Although I moved to Pennsylvania, I still visit my Doctor in Virginia every two months. She is a great doctor and has been my family doctor for over a decade. During my visit the other day, we chatted a little about current events and she stated she was worried about society collapsing. I made a few comments about prepping and self-sustainment and she was very curious. I then offered for her and her family to become a part of our community in PA. She was flabbergasted! She was totally appreciative and stated that this was definitely what she wanted to do. So, as time goes on, I am going to provide her with information pertaining to Bug-out bags, security/self-defense and traveling to get here when (or before if I let her know it's time) when SHTF. So now, I have an Internal Medicine Doctor, several nurses (including an emergency room nurse), an engineer, and a few other able-body people joining my homesteading group for when SHTF. I believe these are very indispensable people with highly needed skill sets! I will continue to recruit!


----------



## DJgang (Apr 10, 2011)

I think what you are doing is a great idea.

But....I'm kind of down on doctors. Don't get me wrong, they do help and heal, but I've found that Internal Medicine doctors only work with fixing the symptoms with a pill and rarely can tell you why something is happening and how to "heal". 

My parents go to an Internal Med doctor, my at the pills! 

I tried for years to get help from an Internal Med doctor. I had a pain in the middle of my chest, still have no idea what it was. But you can believe I was shot up with so much radiation, it's a wonder I am not glowing.

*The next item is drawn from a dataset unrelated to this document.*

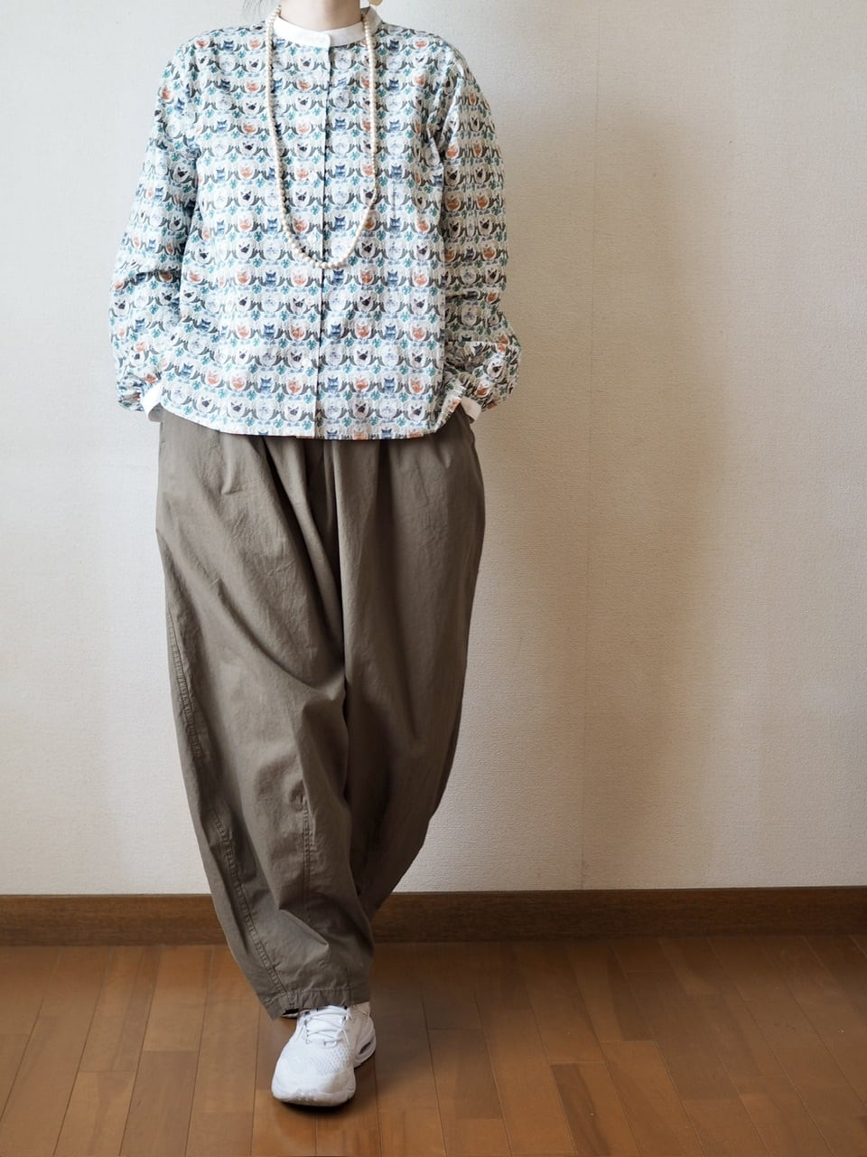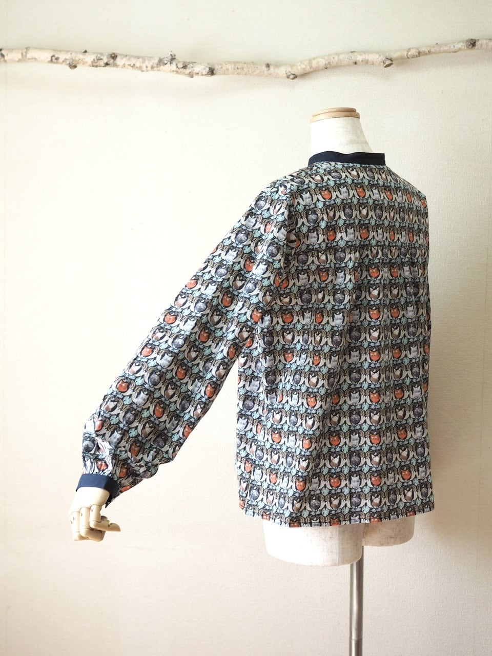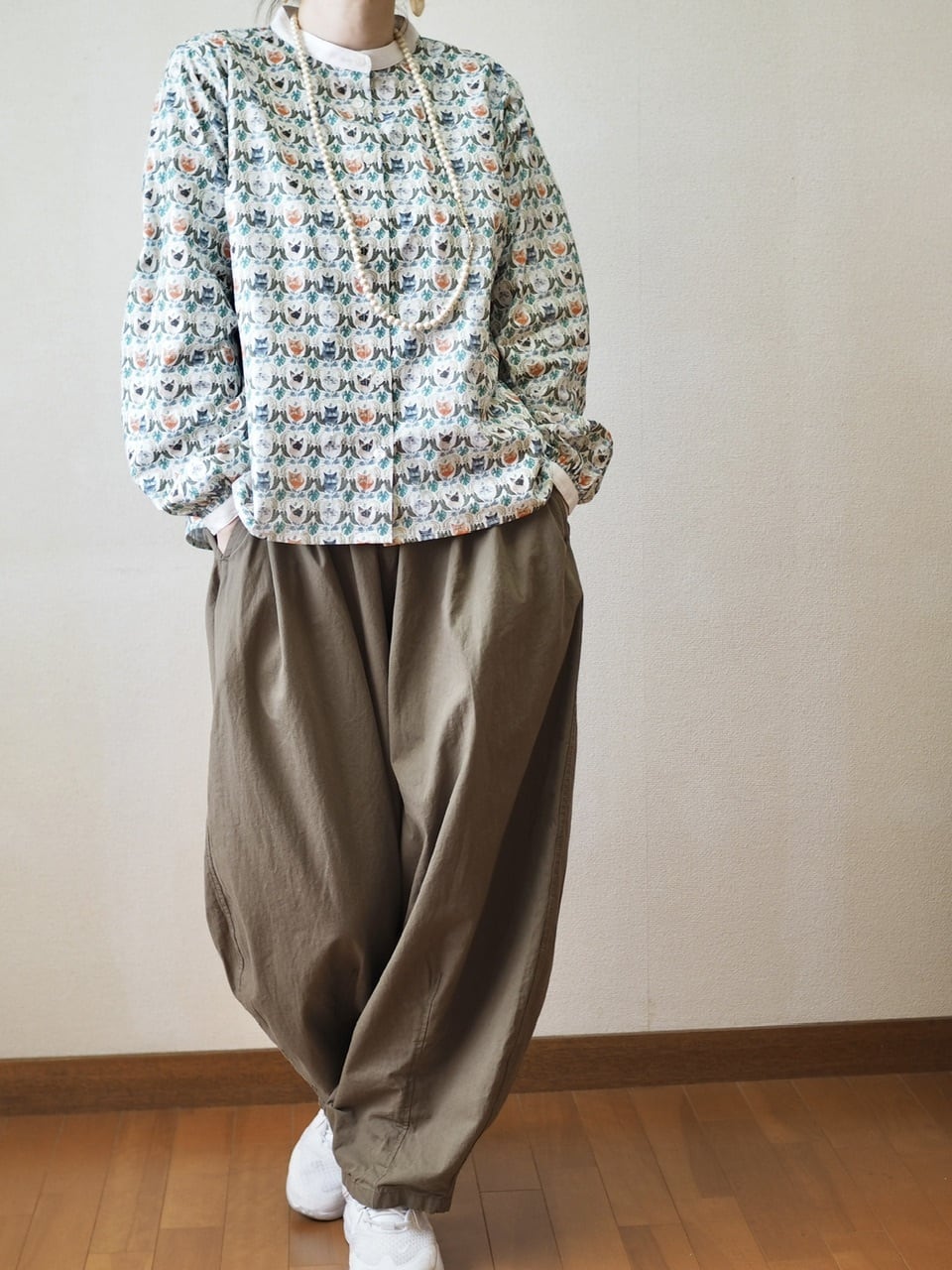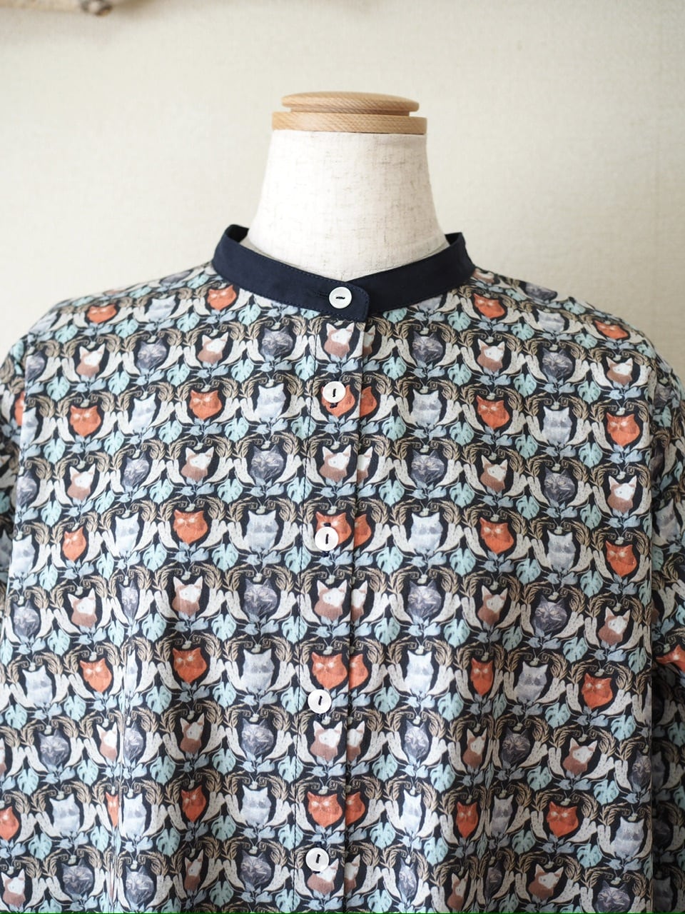 猫好きにはたまらない、猫柄プリントがかわいいブラウス。

She couldn't figure out what was wrong with me, so she just increased my anti depressants. Every visit, she was always grabbing a book from her pocket and looking up something to give me! vract: 

ER nurses will know more than an internal med doctor. My opinion.

A good herbologist, willing to bring his stash, someone who knows iridology, would be great to have as well.


----------



## Startingout-Blair (Aug 28, 2012)

Don't get me wrong. I understand how you feel. I've met a couple of Doctors that try to find something wrong with you so they can prescribe meds. I do believe they get a kickback on the amount they can prescribe. Some of them should be paid for advertising! But the doctor I have is very good. She listens, walks through all potential problems and ways to recover. She also gives herbal meds a chance as well. She believes that, if it works for you, it is the correct way to heal. I've never had a doctor this good and, I'd I can, I'm keeping hold of her!!! Lol...plus, she is REALLY cute!!! Lol


----------



## Startingout-Blair (Aug 28, 2012)

I also plan to get an ER nurse to join us.


----------



## DJgang (Apr 10, 2011)

Startingout-Blair said:


> Don't get me wrong. I understand how you feel. I've met a couple of Doctors that try to find something wrong with you so they can prescribe meds. I do believe they get a kickback on the amount they can prescribe. Some of them should be paid for advertising! But the doctor I have is very good. She listens, walks through all potential problems and ways to recover. She also gives herbal meds a chance as well. She believes that, if it works for you, it is the correct way to heal. I've never had a doctor this good and, I'd I can, I'm keeping hold of her!!! Lol...plus, she is REALLY cute!!! Lol


you are very lucky!!!!!


----------



## DJgang (Apr 10, 2011)

My herbologist keeps dropping hints that he's a prepper. All my friends go to him as well, the friends that are starting to prep....we may have to hit him up and see if he wants to become a community, haha. 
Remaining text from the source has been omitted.